California is a particular concern for enforcement. Under the California law, the state will create a new enforcement department, separate and apart from the State Attorney General’s office currently tasked with enforcing the California Consumer Protection Act. That new state regulator agency will also be funded by the fines collected by the agency. When an agency’s funding depends on issuing fines, you can bet that fines will be aggressively issued.
This self-funding regulatory situation has, in other contexts, particularly New York’s NYDFS system, resulted in robust and aggressive regulatory action against entities of all sizes.
3. “I don’t know where my customers are from and I don’t have any information about them.”

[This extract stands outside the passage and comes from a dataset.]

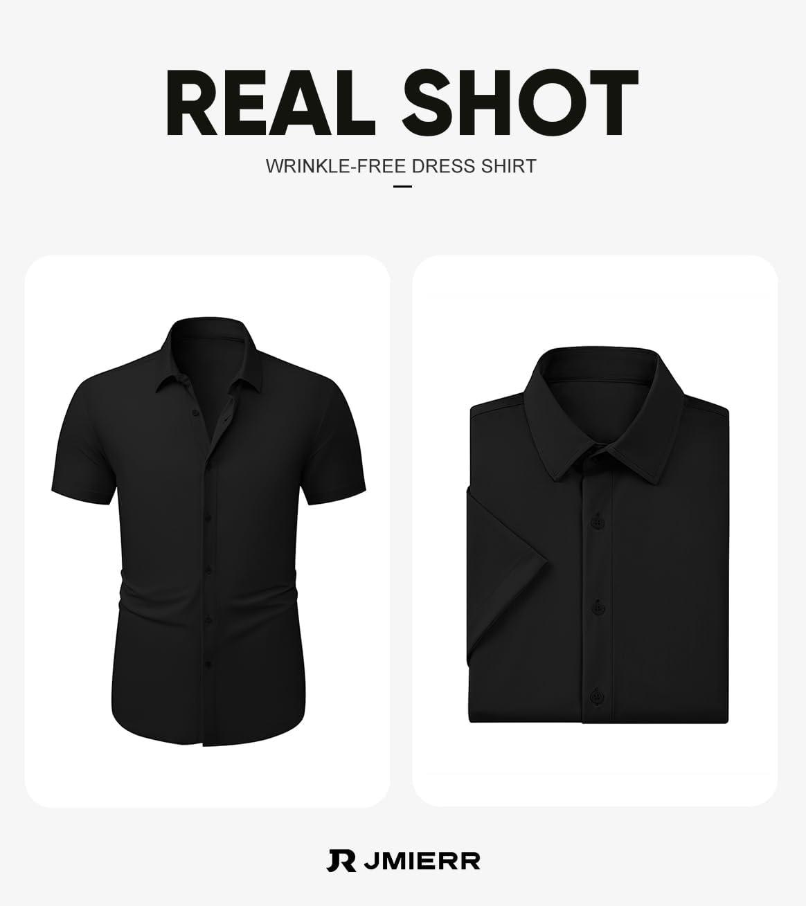 JMIERR Men’s Muscle Fit Dress Shirts Summer Casual Button Down Short Sleeve High Stretch Wrinkle-Free Shirt(1 Black)

Compliance with these laws requires, for many businesses, a fundamental shift in how they handle and use information they collect. These statutes all include provisions that allow consumers to access and learn more about the information a business collects from them and to delete that information on request. These consumer inquiries must be complied with quickly (within 45 days for some). In order for even a moderately-sized business to respond to a request for all information about an individual possessed or controlled by that business on such a tight time frame, that business is going to have to have tracked that information from the time it came into the business to the individual from whom it was collected. This means that when information is collected, from whatever source or means it is collected, the business must know with whom the information is associated and must track that information through its organization and to any applicable third parties. That is going to require policies and procedures and internal enforcement procedures to ensure all information is properly accounted for. And these procedures must be enforced across all vendors, partners, and businesses with whom the information is shared. This information diligence and accountability is a key feature of these laws and will, no doubt, be a key feature of enforcement proceedings as well.
4. “I heard all of this when the GDPR rolled out and I was fine then.”

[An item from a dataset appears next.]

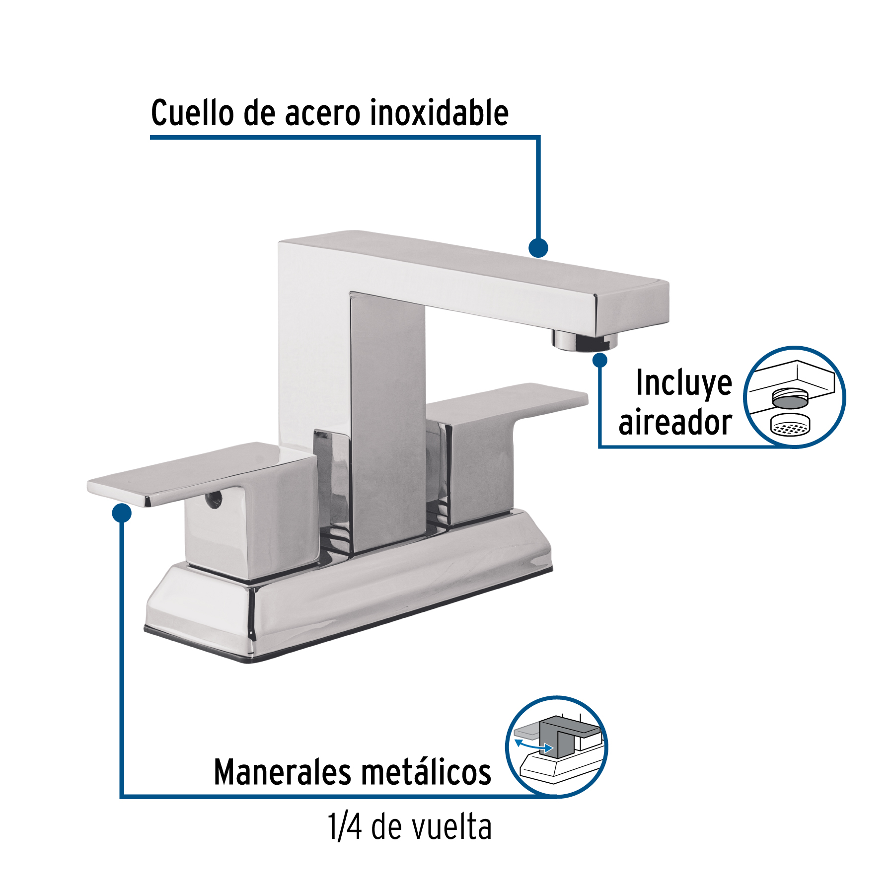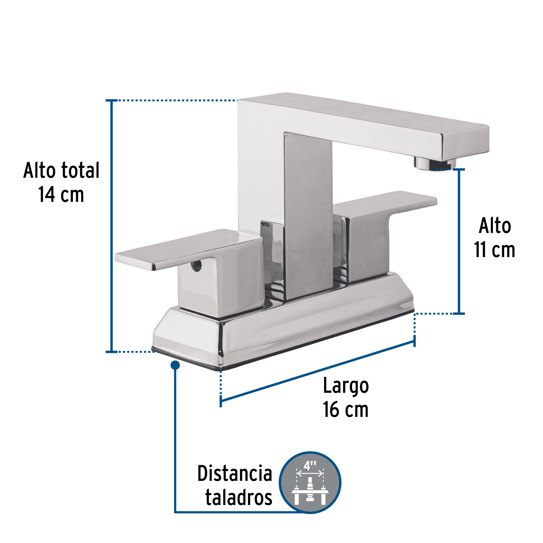 Mezcladora para lavabo 4", cromo, FOSET KUBO

While much was made of the potential impact of the EU’s General Data Protection Act, its data protection laws, and the impact it was going to have on U.S. businesses, much of the dire warnings about enforcement proceedings from the EU against U.S. businesses have not yet materialized. But, enforcement actions in the EU have only really recently begun. And, it is, and continues to be, relatively painless for U.S. businesses to isolate themselves from EU operations to avoid the extraterritorial reaches of the GDPR. But, the trend in enforcement actions from the EU continues to be towards significant fines. And, the isolation techniques employed by businesses to keep themselves outside of the reach of EU laws will not work with U.S. laws.

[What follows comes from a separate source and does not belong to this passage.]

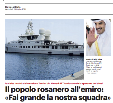 Gds: “La visita in città dello sceicco Tamim bin Hamad Al Thani accende la speranza dei tifosi. Il popolo rosanero all’emiro «Fai grande la nostra squadra»”

Retail and hospitality businesses have unique vulnerabilities when it comes to these laws. By the nature of their businesses, retail and hospitality operations depend upon the collection of vast amounts of consumer data. Rooms cannot be rented unless the person who is renting provides information about who they are. Goods and services cannot be sold unless information about to whom those goods and services are to be delivered is known. And, marketing in both retail and hospitality relies upon identifying past and future customers and interacting with them through multiple media outlets. Consumer information is critical in these spaces.
Identifying which of these statutes you may be subject to may not be easy. And, complying with each of these laws, if you are subject to them may, not be easy either. But ignoring these statutes is not a recommended course of action.